== Provided records

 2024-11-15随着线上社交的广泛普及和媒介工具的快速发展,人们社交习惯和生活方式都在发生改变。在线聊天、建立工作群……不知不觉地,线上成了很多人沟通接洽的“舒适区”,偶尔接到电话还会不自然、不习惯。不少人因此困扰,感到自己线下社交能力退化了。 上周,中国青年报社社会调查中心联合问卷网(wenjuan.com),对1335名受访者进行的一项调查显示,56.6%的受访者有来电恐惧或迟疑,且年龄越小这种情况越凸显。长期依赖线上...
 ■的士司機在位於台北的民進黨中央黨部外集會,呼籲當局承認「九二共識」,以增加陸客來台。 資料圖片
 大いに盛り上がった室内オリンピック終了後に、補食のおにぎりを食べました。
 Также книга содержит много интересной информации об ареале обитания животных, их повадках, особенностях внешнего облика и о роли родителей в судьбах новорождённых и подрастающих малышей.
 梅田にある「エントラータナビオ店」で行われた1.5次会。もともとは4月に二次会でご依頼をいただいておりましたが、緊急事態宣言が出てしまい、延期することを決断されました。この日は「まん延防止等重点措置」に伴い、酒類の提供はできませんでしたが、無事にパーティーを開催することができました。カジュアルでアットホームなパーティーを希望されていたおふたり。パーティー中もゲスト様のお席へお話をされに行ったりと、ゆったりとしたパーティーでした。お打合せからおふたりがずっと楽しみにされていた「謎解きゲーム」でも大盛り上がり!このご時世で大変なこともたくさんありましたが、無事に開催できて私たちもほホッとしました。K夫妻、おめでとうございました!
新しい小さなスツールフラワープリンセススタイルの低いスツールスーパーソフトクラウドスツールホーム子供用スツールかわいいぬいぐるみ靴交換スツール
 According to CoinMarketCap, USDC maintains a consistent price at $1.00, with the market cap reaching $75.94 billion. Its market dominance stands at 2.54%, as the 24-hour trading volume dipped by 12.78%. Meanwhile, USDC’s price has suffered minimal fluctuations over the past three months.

====
== Provided records

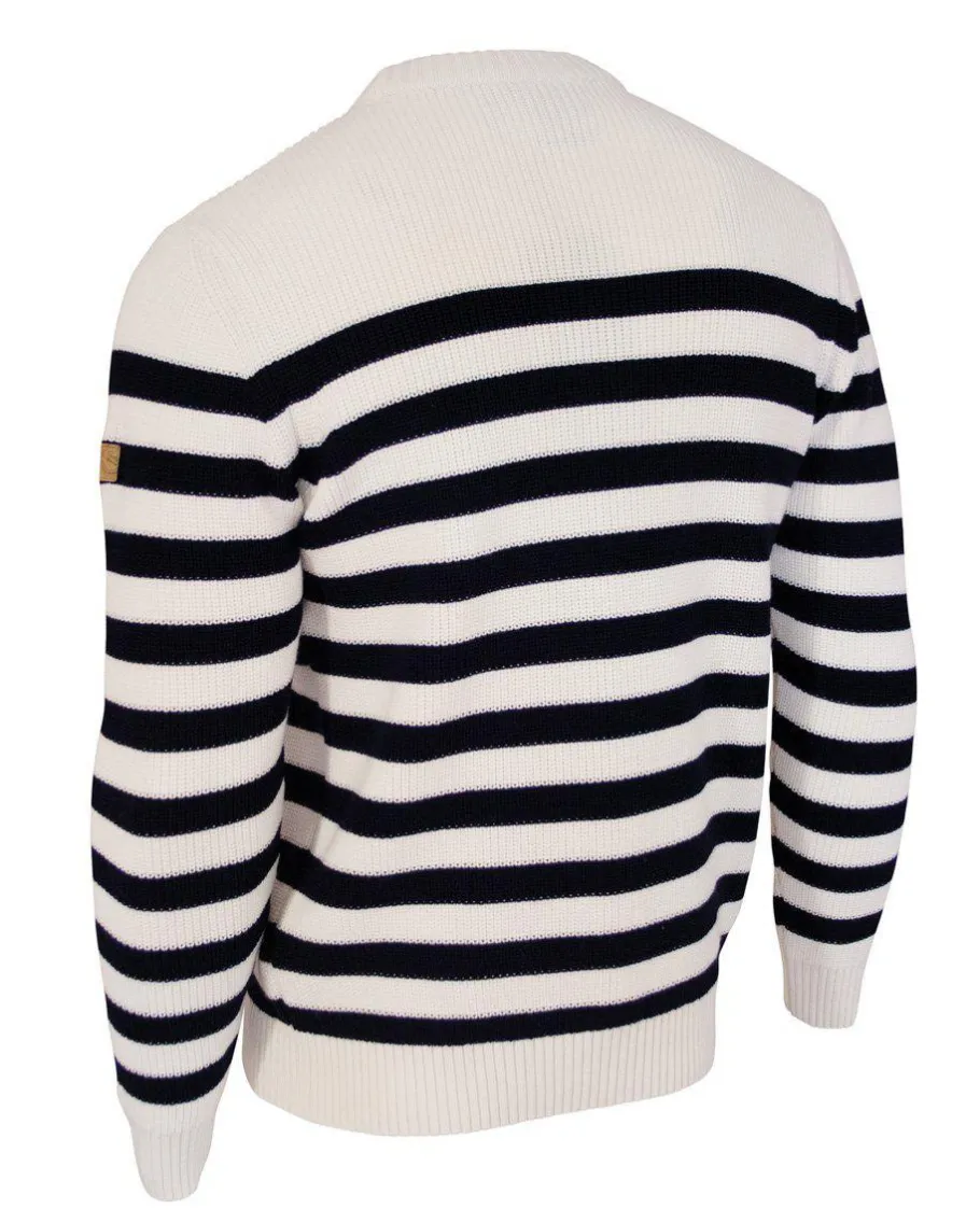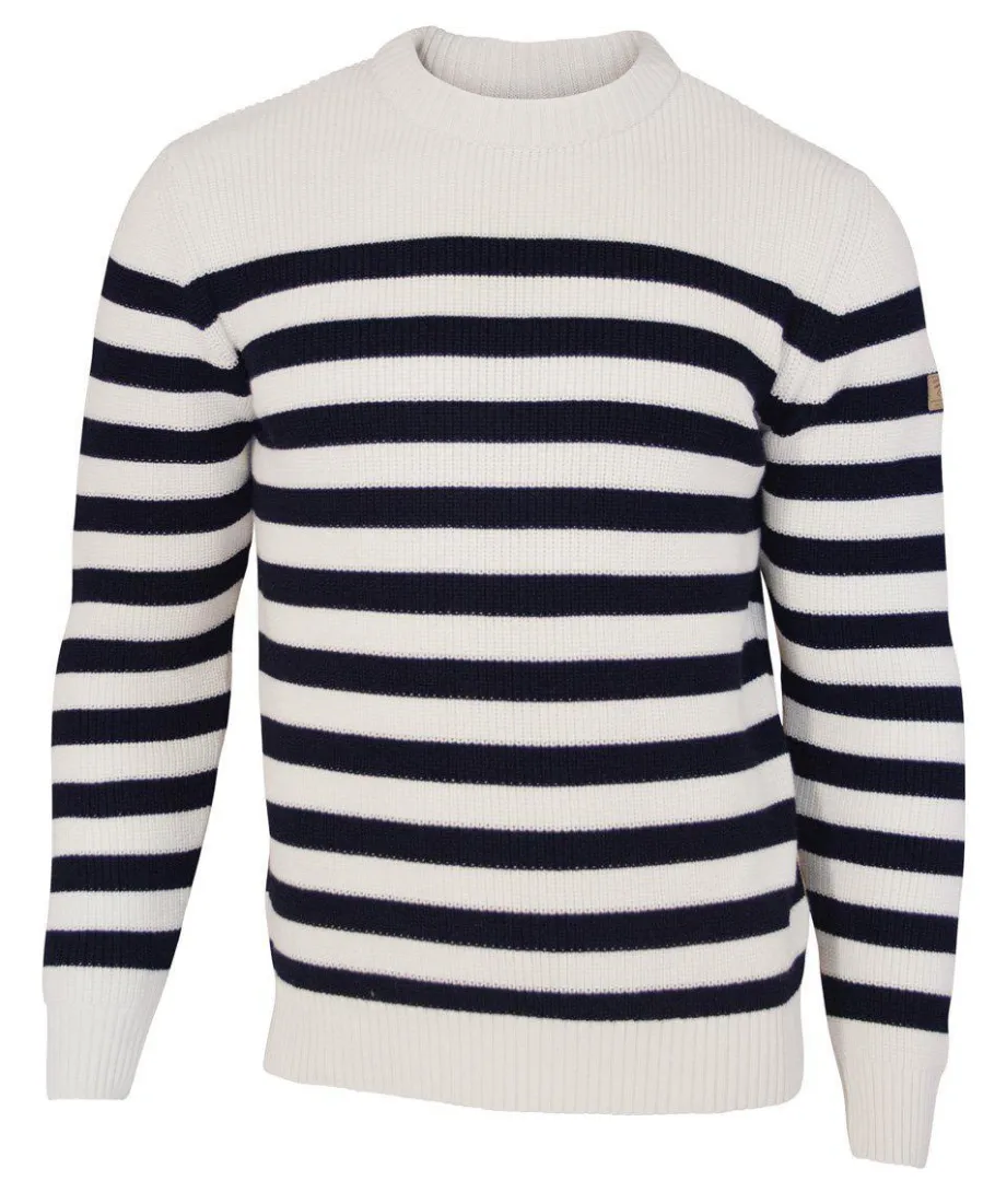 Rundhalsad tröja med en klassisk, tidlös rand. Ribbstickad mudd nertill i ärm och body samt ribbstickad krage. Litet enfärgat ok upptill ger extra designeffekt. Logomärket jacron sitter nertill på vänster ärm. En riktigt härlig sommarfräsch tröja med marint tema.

====
== Provided records

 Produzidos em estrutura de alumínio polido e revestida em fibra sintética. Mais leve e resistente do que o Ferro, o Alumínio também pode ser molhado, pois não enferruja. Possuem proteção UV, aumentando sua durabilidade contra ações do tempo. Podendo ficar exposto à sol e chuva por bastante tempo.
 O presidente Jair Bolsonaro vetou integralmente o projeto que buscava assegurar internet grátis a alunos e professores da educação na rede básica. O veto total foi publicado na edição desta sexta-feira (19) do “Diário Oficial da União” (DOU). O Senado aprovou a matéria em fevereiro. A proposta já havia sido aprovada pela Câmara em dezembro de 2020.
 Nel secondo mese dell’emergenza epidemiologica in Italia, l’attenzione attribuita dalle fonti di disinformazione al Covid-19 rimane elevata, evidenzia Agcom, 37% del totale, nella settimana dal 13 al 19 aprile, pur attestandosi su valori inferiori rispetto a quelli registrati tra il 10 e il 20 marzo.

====

### Problem to solve
With the line that has "2024-11-15随着线上" as the first and the line that has "According to CoinMarketCap, USDC" as the last, repeat exactly that run of lines above and no more.

### Solution to the problem
 2024-11-15随着线上社交的广泛普及和媒介工具的快速发展,人们社交习惯和生活方式都在发生改变。在线聊天、建立工作群……不知不觉地,线上成了很多人沟通接洽的“舒适区”,偶尔接到电话还会不自然、不习惯。不少人因此困扰,感到自己线下社交能力退化了。 上周,中国青年报社社会调查中心联合问卷网(wenjuan.com),对1335名受访者进行的一项调查显示,56.6%的受访者有来电恐惧或迟疑,且年龄越小这种情况越凸显。长期依赖线上...
 ■的士司機在位於台北的民進黨中央黨部外集會,呼籲當局承認「九二共識」,以增加陸客來台。 資料圖片
 大いに盛り上がった室内オリンピック終了後に、補食のおにぎりを食べました。
 Также книга содержит много интересной информации об ареале обитания животных, их повадках, особенностях внешнего облика и о роли родителей в судьбах новорождённых и подрастающих малышей.
 梅田にある「エントラータナビオ店」で行われた1.5次会。もともとは4月に二次会でご依頼をいただいておりましたが、緊急事態宣言が出てしまい、延期することを決断されました。この日は「まん延防止等重点措置」に伴い、酒類の提供はできませんでしたが、無事にパーティーを開催することができました。カジュアルでアットホームなパーティーを希望されていたおふたり。パーティー中もゲスト様のお席へお話をされに行ったりと、ゆったりとしたパーティーでした。お打合せからおふたりがずっと楽しみにされていた「謎解きゲーム」でも大盛り上がり!このご時世で大変なこともたくさんありましたが、無事に開催できて私たちもほホッとしました。K夫妻、おめでとうございました!
新しい小さなスツールフラワープリンセススタイルの低いスツールスーパーソフトクラウドスツールホーム子供用スツールかわいいぬいぐるみ靴交換スツール
 According to CoinMarketCap, USDC maintains a consistent price at $1.00, with the market cap reaching $75.94 billion. Its market dominance stands at 2.54%, as the 24-hour trading volume dipped by 12.78%. Meanwhile, USDC’s price has suffered minimal fluctuations over the past three months.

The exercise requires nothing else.